Interactive Study Demo

Use this to step through a reusable interview workflow for this problem.

Custom checkpoints (one per line)

Press Step or Run All to begin.

Step 07

Complexity Analysis

Time

O(n × m)

Space

O(n × m)

Approach Breakdown

RECURSIVE

O(2ⁿ) time

O(n) space

Pure recursion explores every possible choice at each step. With two choices per state (take or skip), the decision tree has 2ⁿ leaves. The recursion stack uses O(n) space. Many subproblems are recomputed exponentially many times.

DYNAMIC PROGRAMMING

O(n × m) time

O(n × m) space

Each cell in the DP table is computed exactly once from previously solved subproblems. The table dimensions determine both time and space. Look for the state variables — each unique combination of state values is one cell. Often a rolling array can reduce space by one dimension.

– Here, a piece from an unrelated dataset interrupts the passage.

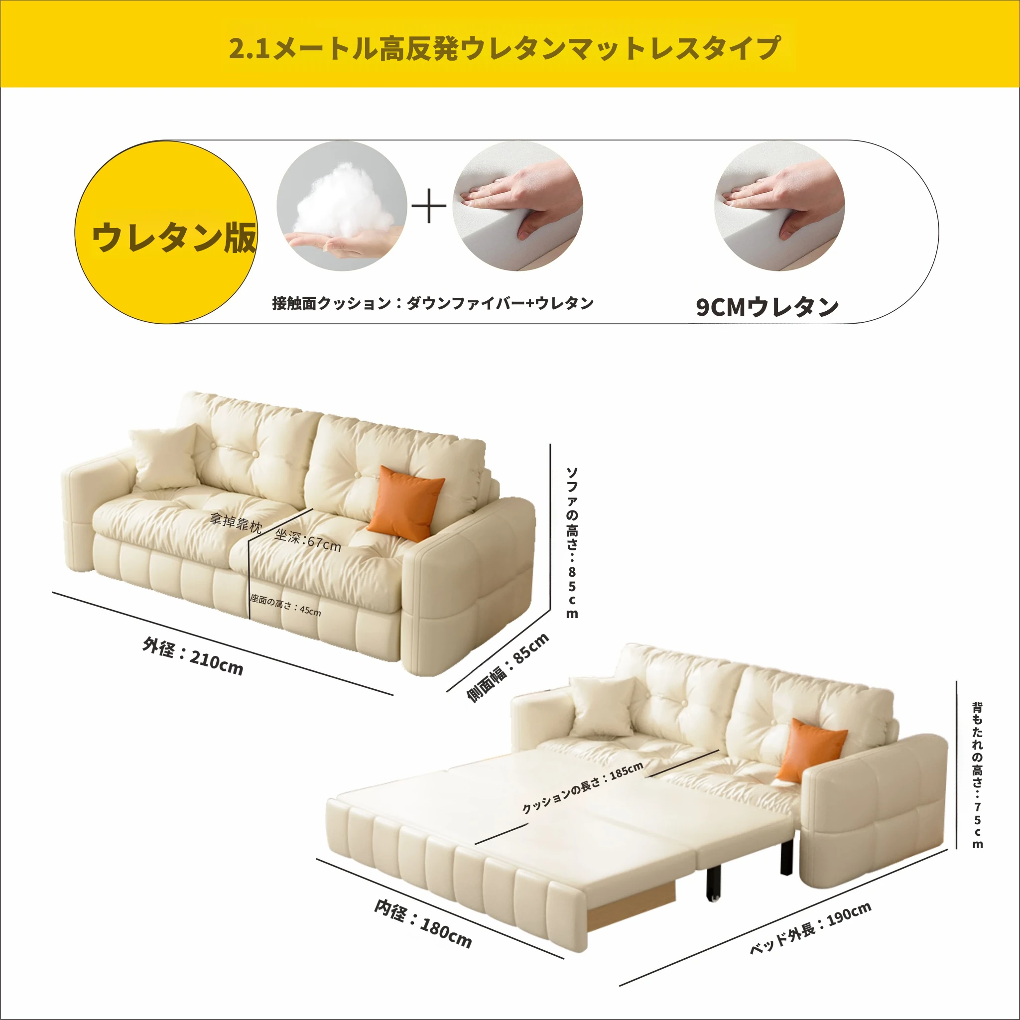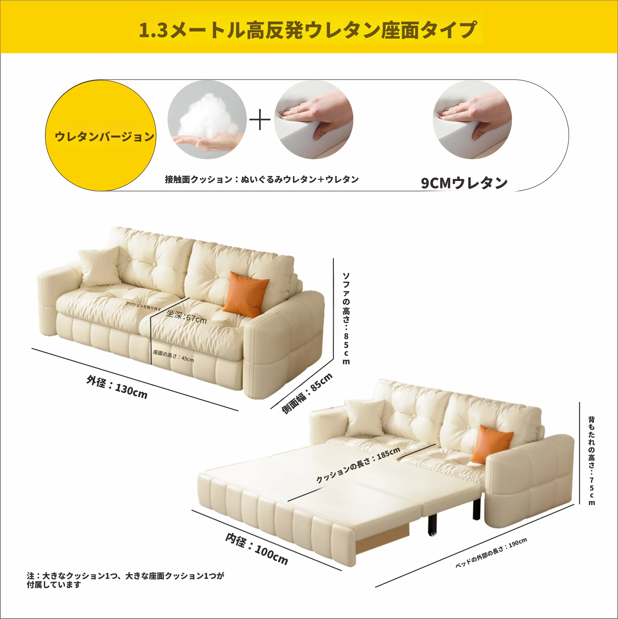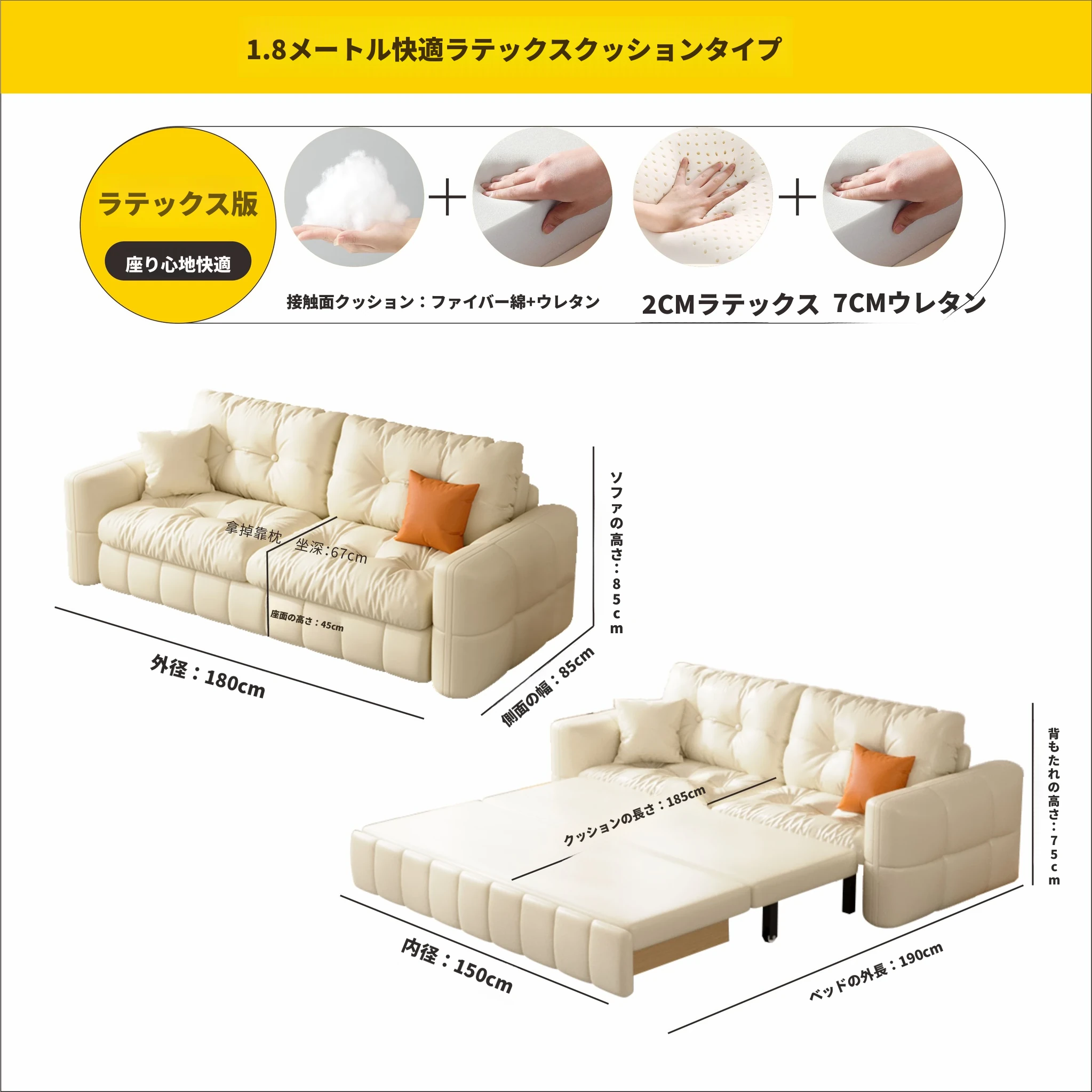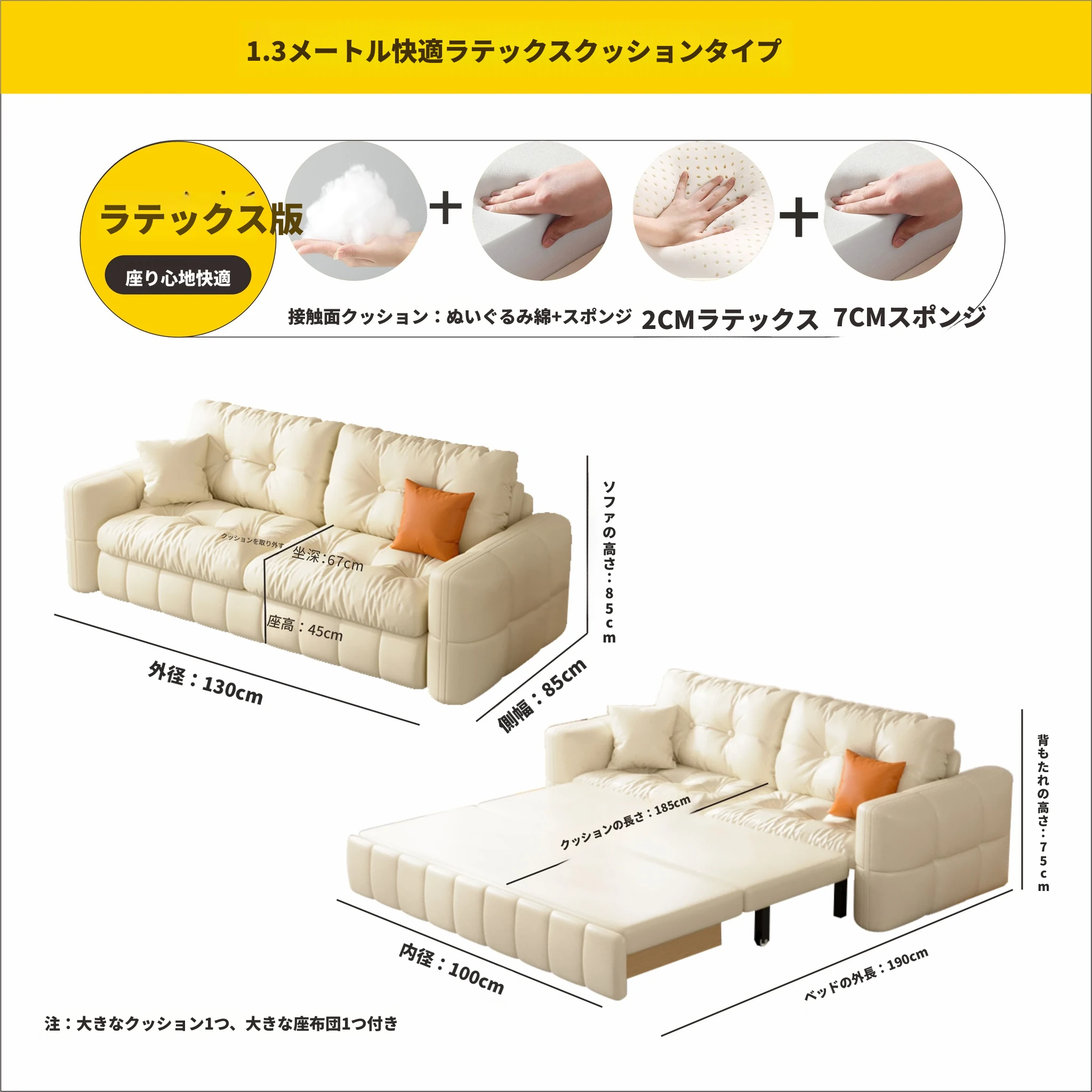 フランス風クリームカラーの猫抓皮折りたたみソファベッド - 多機能・コンパクトデザインで小型住居に最適!プッシュ&プル一体型で新登場!快適なくつろぎ空間をお楽しみください。

Shortcut: Count your DP state dimensions → that’s your time. Can you drop one? That’s your space optimization.

Coach Notes

Common Mistakes

Review these before coding to avoid predictable interview regressions.

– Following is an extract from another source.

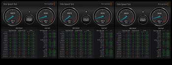 同样是采用不同连接方式进行测速对比,这会表现比较符合常识,Macbook c口直插的速度要高于扩展方式的测速,但是实际扩展的速度并没有低多少,差距基本可以忽略不计。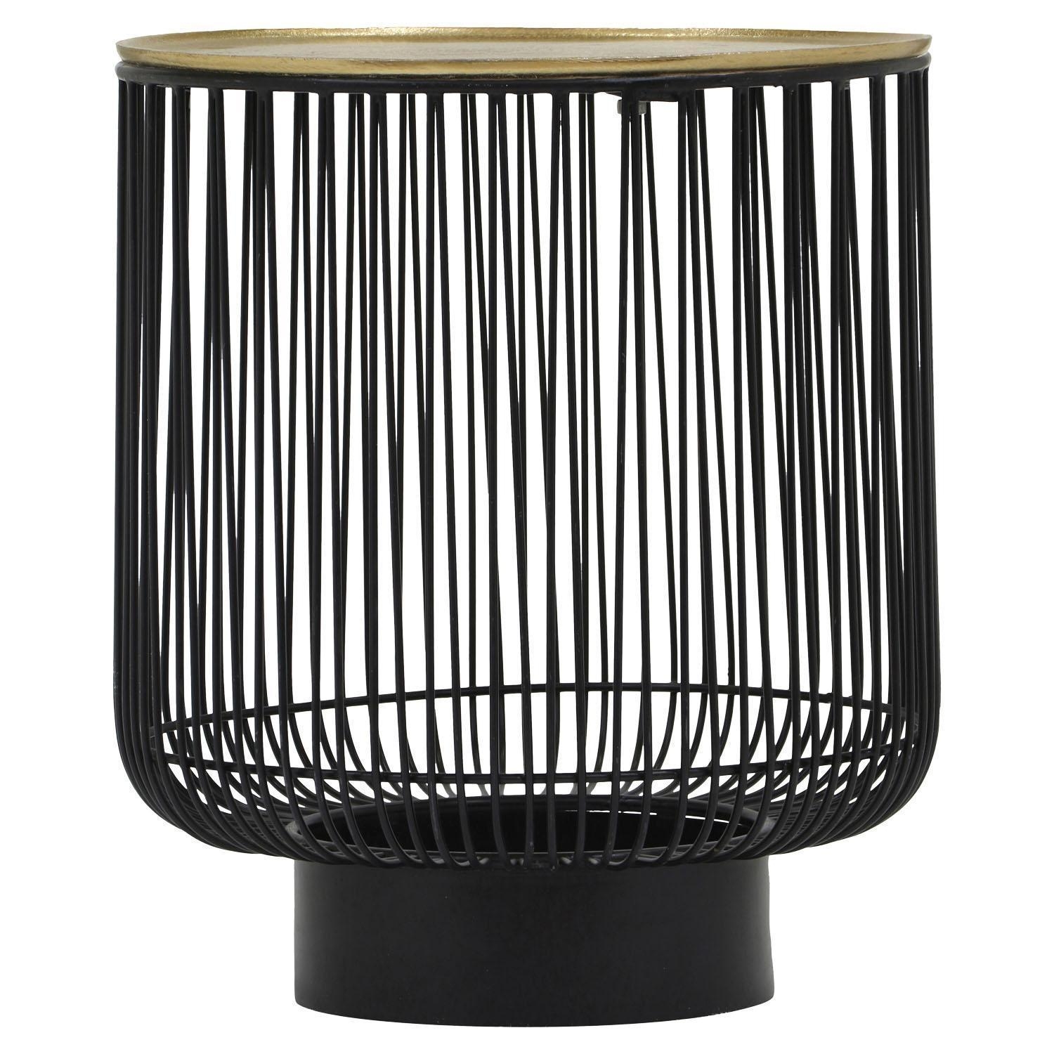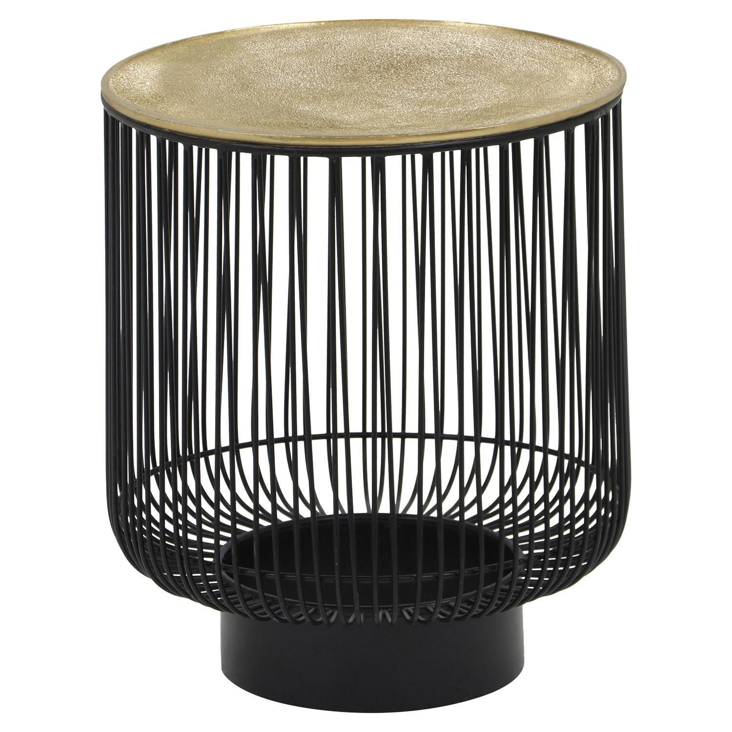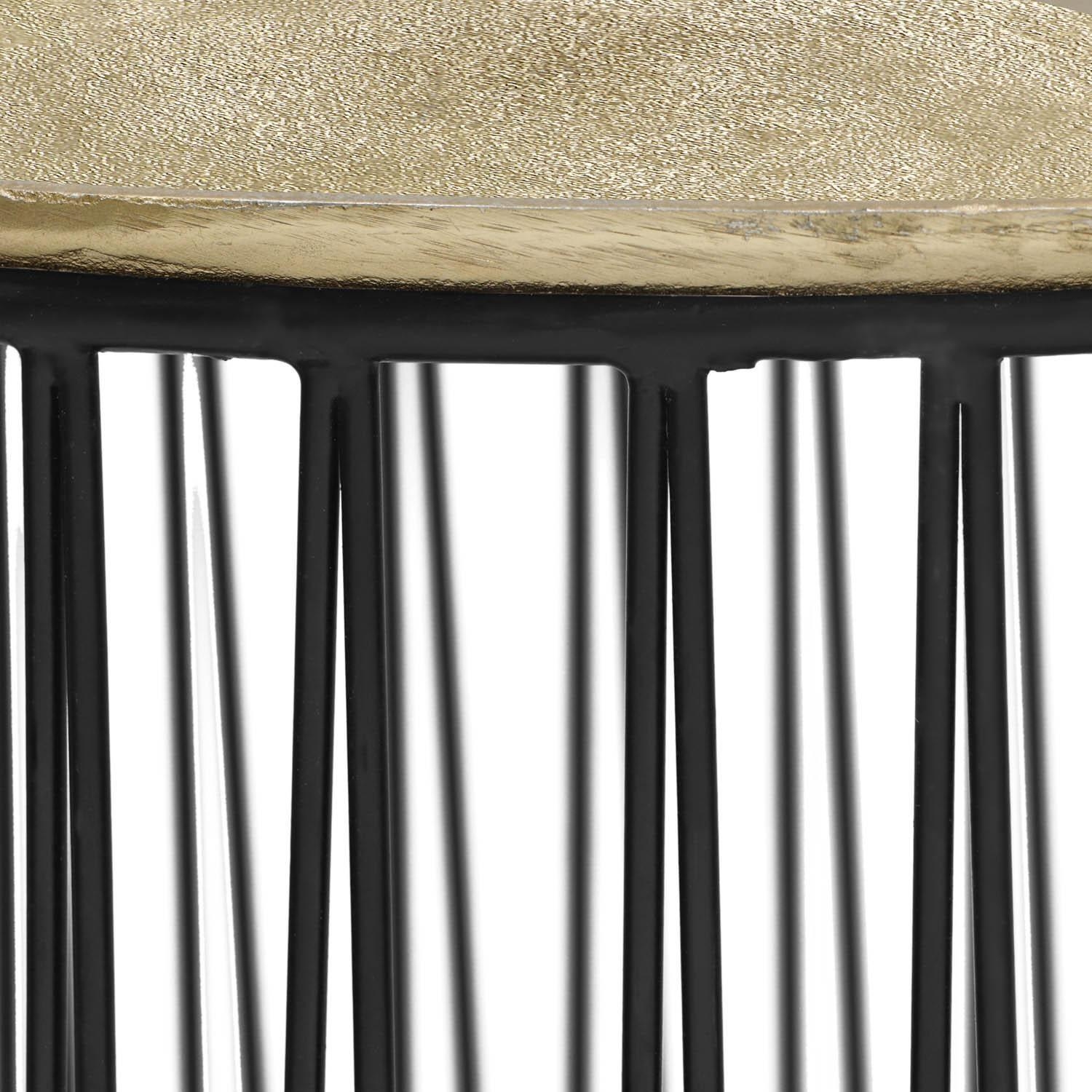 Der Beistelltisch RONATO verfügt über eine Tischplatte aus Metall in Goldgelb mit unebener Struktur. Das Gestell und die Streben bestehen aus Metall in Schwarz. Mit einem Durchmesser von 41 cm und einer Höhe von 46 cm bietet der Tisch Platz für Gegenstände wie Fernbedienungen und Zeitschriften.

Overflow in intermediate arithmetic

Wrong move: Temporary multiplications exceed integer bounds.

Usually fails on: Large inputs wrap around unexpectedly.

Fix: Use wider types, modular arithmetic, or rearranged operations.

State misses one required dimension

Wrong move: An incomplete state merges distinct subproblems and caches incorrect answers.

Usually fails on: Correctness breaks on cases that differ only in hidden state.

Fix: Define state so each unique subproblem maps to one DP cell.